According to his memoir, his father started beating him at two and raped him at four; his mother videotaped the "sessions". When he was eight years old, his parents started pimping him and selling videotapes. When Pete was age 11, he ran away with the pornographic tapes, and his parents were jailed. A psychologist named Donna Lomax took the boy in and eventually adopted him.

Noone contacts the boy and they start exchanging a series of phone calls that develop into a kind of father/son relationship. He begins to suspect that Pete does not exist and that he and his memoir are fabrications by Donna. Even a visit to their home is inconclusive, and the novel ends with Gabriel feeling that the value of the relationship to him is more important than whether or not Pete is real.

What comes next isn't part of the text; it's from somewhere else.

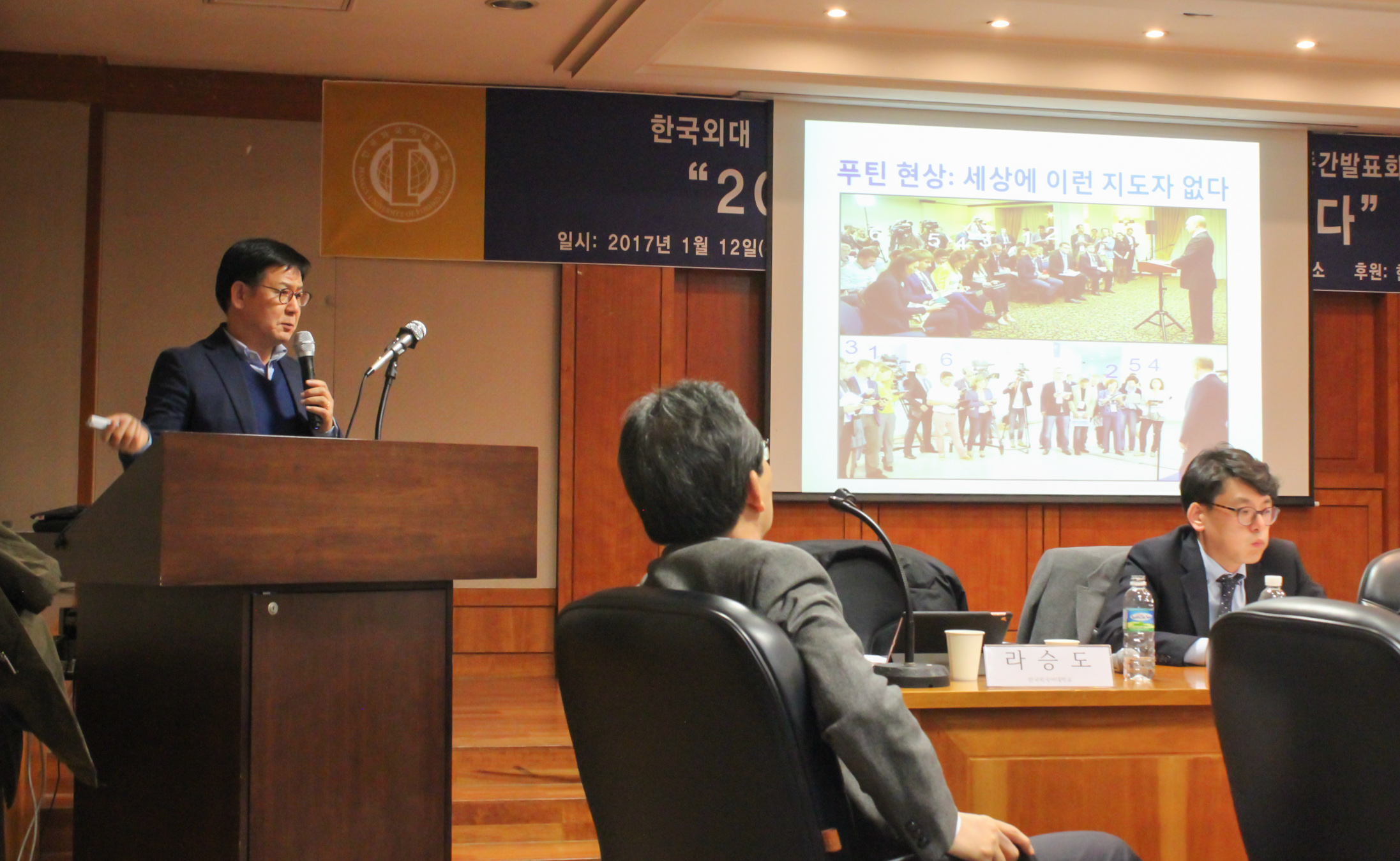 우리연구소 김현택 소장의 개회사로 시작된 본 학술회의에서 총 6개 영역을 중심으로 2016년을 회고·평가하고 2017년을 전망했다이규형 전 주러 대사의 사회로 진행된 제1회의에서는 국내정치(장세호), 경제일반(이종문), 대외정치(제성훈영역에서그리고 홍완석 전 슬라브·유라시아학회장의 사회로 진행된 제2회의에서는 군사안보(김규철), 한러관계(현승수), 사회문화(라승도영역에서 진지하고 폭넓은 논의가 있었다특히우리연구소 장세호 HK연구교수는 국내정치 부문에서 “‘비상’(非常)에서 일상’(日常)으로 복귀 모색의 주제로라승도 HK연구교수는 권위주의와 온정주의 사이에 갇히다라는 주제로 발제했다.

Subplots in the novel revolve around Gabriel's relationships with his lover and his father. Important themes are the nature of father/son relationships, the power struggle involved in caring for and being cared for by another, the embellishment of truth, and the secrets we keep even in the most intimate relationships.

==Film, TV or theatrical adaptations==
- The novel was adapted into a 2006 film starring Robin Williams, which was co-written by Maupin, Terry Anderson and director Patrick Stettner.
- "Faith", a 2002 episode of the television series Law & Order: Criminal Intent, borrowed heavily from the book's plot.